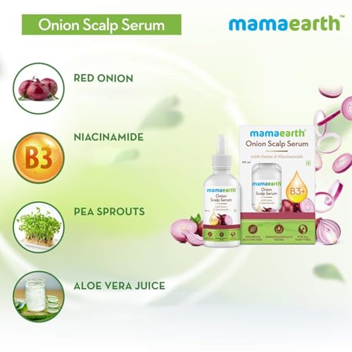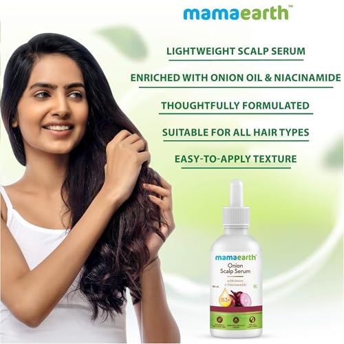 - ماما ايرث سيروم فروة الرأس بالبصل مع النياسيناميد | تركيبة مرطبة لتعزيز نمو الشعر وكثافته | محلول للتحكم في تساقط الشعر والتقصف | 1.69 اونصة سائلة (50 مل)
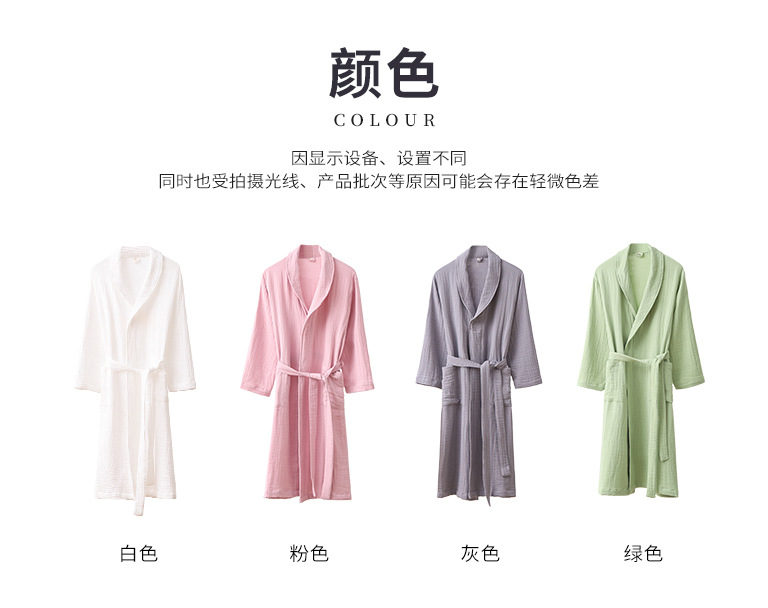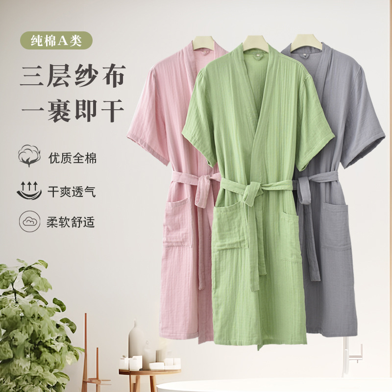 四季純綿三層ガーゼ浴衣ホームウェアパジャマ成人女性カップル入浴綿吸水
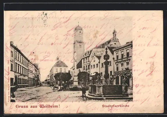 AK Weilheim, Brunnen vor der Stadtpfarrkirche
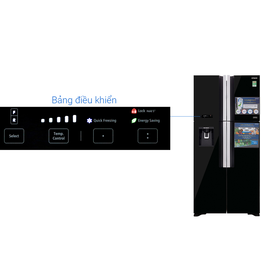 R-FW690PGV7 GBK Tủ lạnh Hitachi 4 cánh màu đen, 540 lít, mặt gương hàng Thái Siêu Sịn
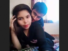 Desi couple's steamy selfie video with topless girl kissing her boyfriend
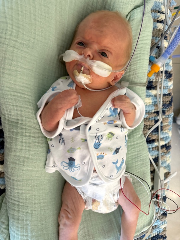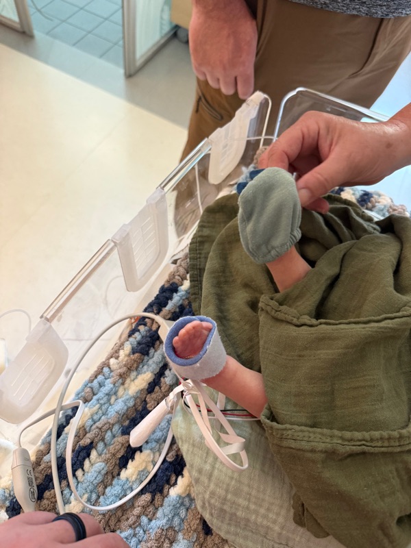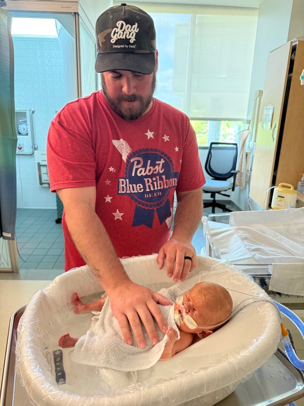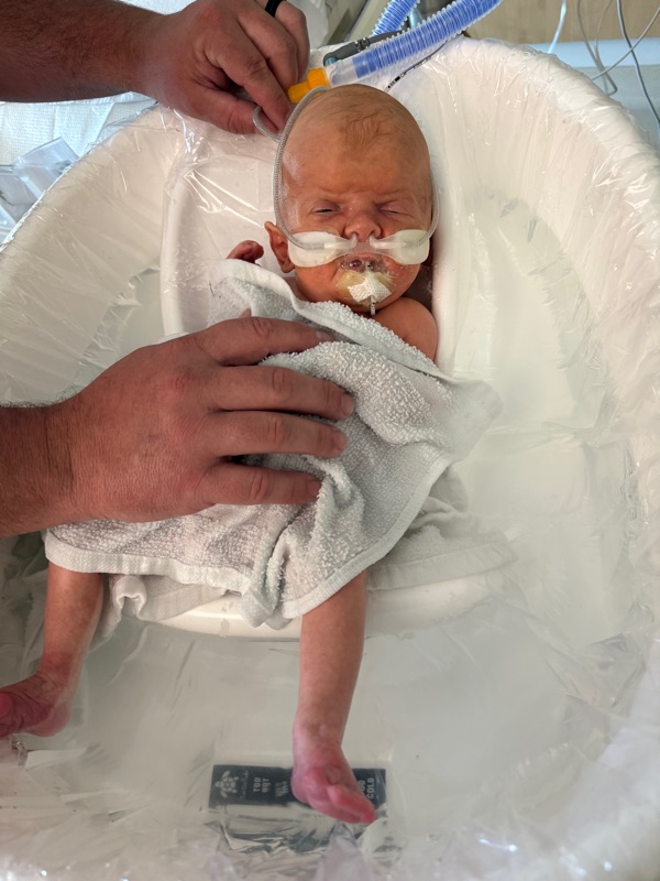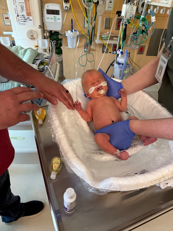 with this today, we had a very relaxing day with him. We got to hold him for quite some time and we also gave him his very first tub bath. He was not sure about it at first, but once we got the warm water on him, he thoroughly enjoyed it. after the bath, he was up for about three hours, looking around and taking in the entire room during this time, two of his favorite nurses stop by to check in on him as they had not seen him since he had his breathing tube taken out. They were very impressed on how well he is doing and surprised to see his pick line and IV lines out as well.
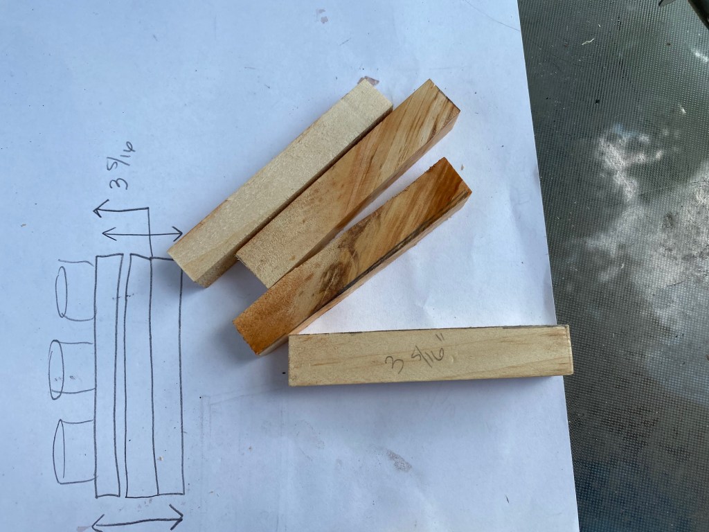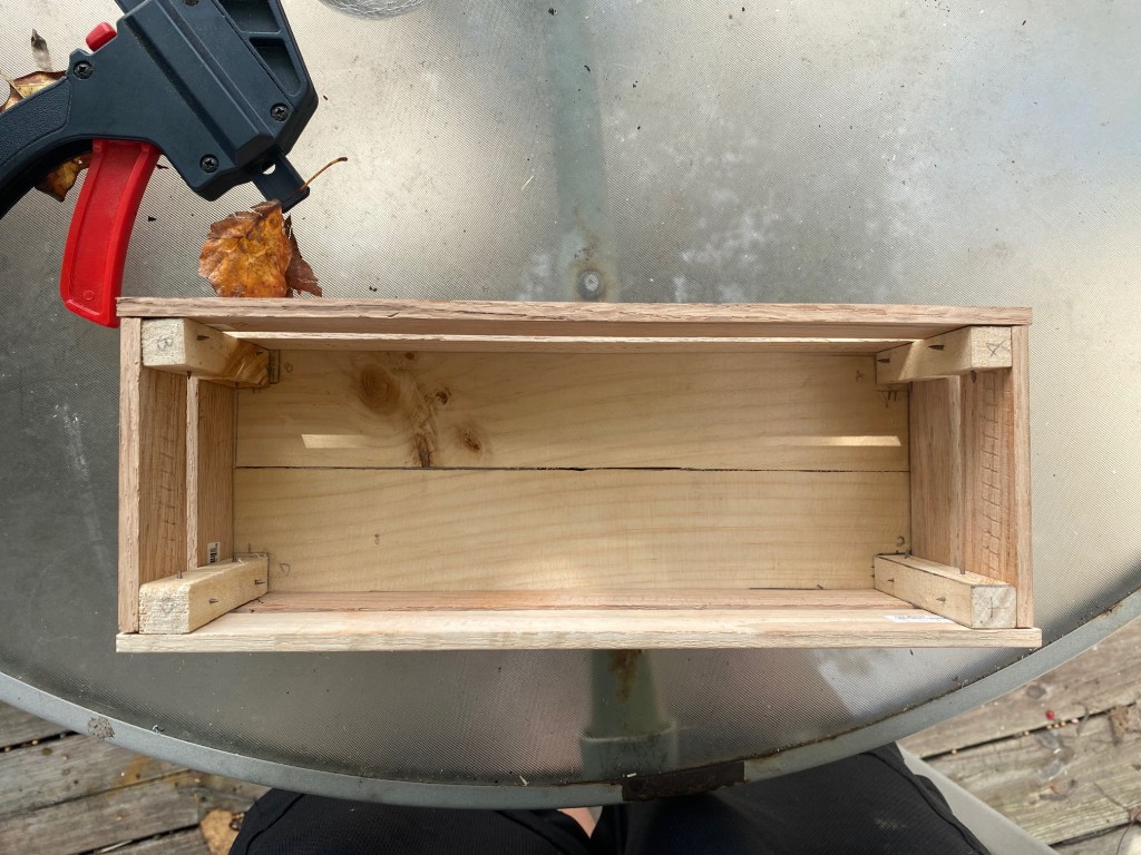 To make the inside corner pieces, Donald cut 1x1x3 5/16″ pieces from one of the boards we had.
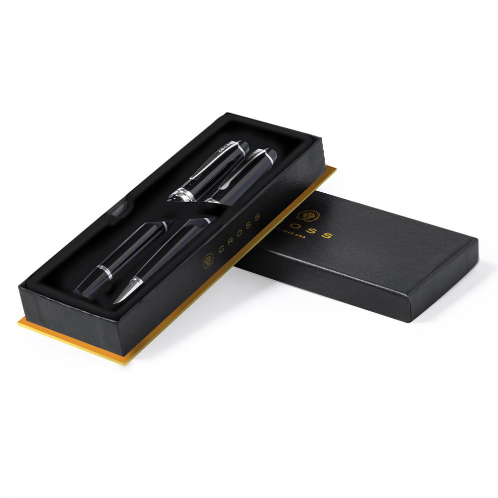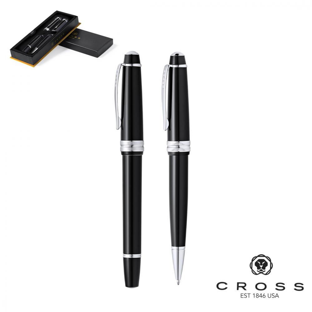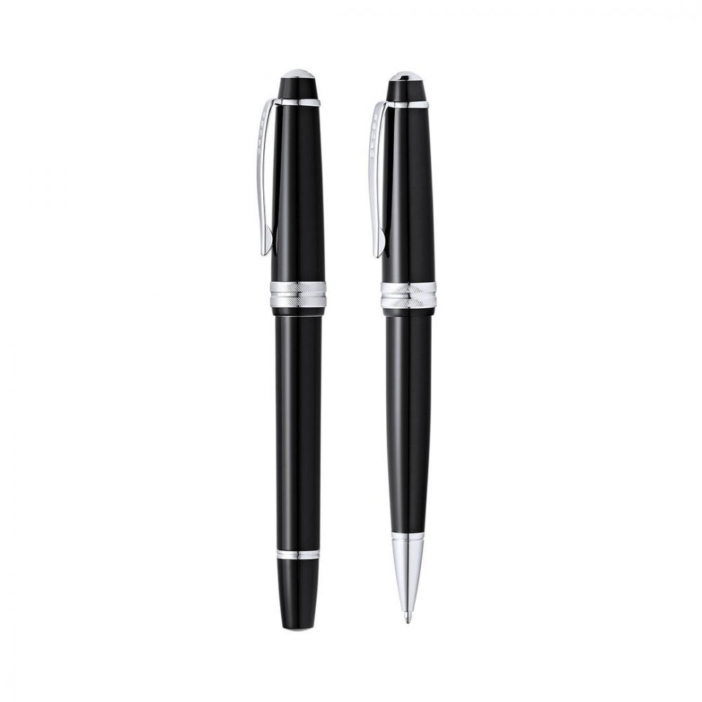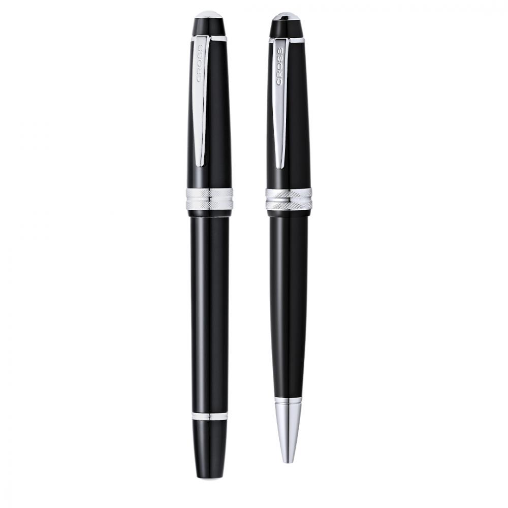 Набор из шариковой ручки и роллера Cross Bailey Light, сочетающий глянцевую смолу с полированным хромом, металлической отделкой. Картридж Jumbo и черные чернила. Поставляется в элегантном индивидуальном черном футляре с логотипом бренда и мягкой замшевой подкладкой.
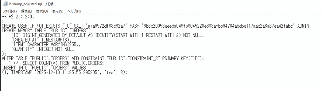 「h2dump_adjusted.sql」の中身が確認できます。このままMySQLに入れてしまうと、命令文の違いにより正しく読み込まれないため、修正していきます。
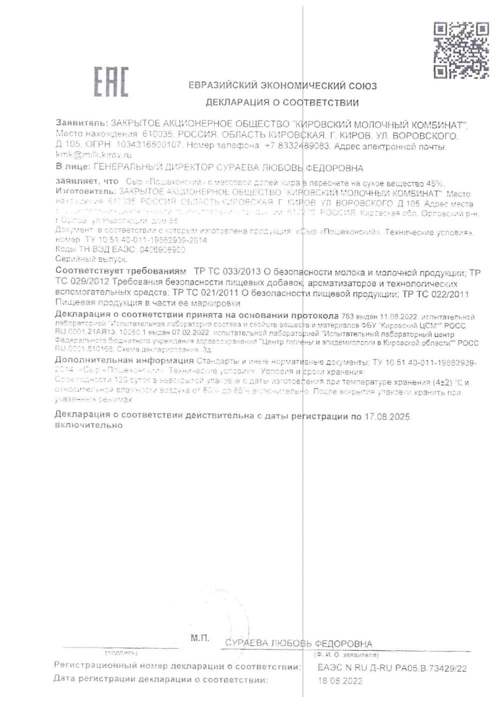Сыр полутвердый Пошехонский 45% изготавливается традиционным способом из натурального отборного коровьего молока со своих ферм.

* [PROBLEM DESCRIPTION]: Write out nothing but the lines from the one with "Набор из шариковой" through the last line of the entries, exactly as they stand; pictures are not part of the copy.

* [TASK ANSWER]:
 Набор из шариковой ручки и роллера Cross Bailey Light, сочетающий глянцевую смолу с полированным хромом, металлической отделкой. Картридж Jumbo и черные чернила. Поставляется в элегантном индивидуальном черном футляре с логотипом бренда и мягкой замшевой подкладкой.
 「h2dump_adjusted.sql」の中身が確認できます。このままMySQLに入れてしまうと、命令文の違いにより正しく読み込まれないため、修正していきます。
Сыр полутвердый Пошехонский 45% изготавливается традиционным способом из натурального отборного коровьего молока со своих ферм.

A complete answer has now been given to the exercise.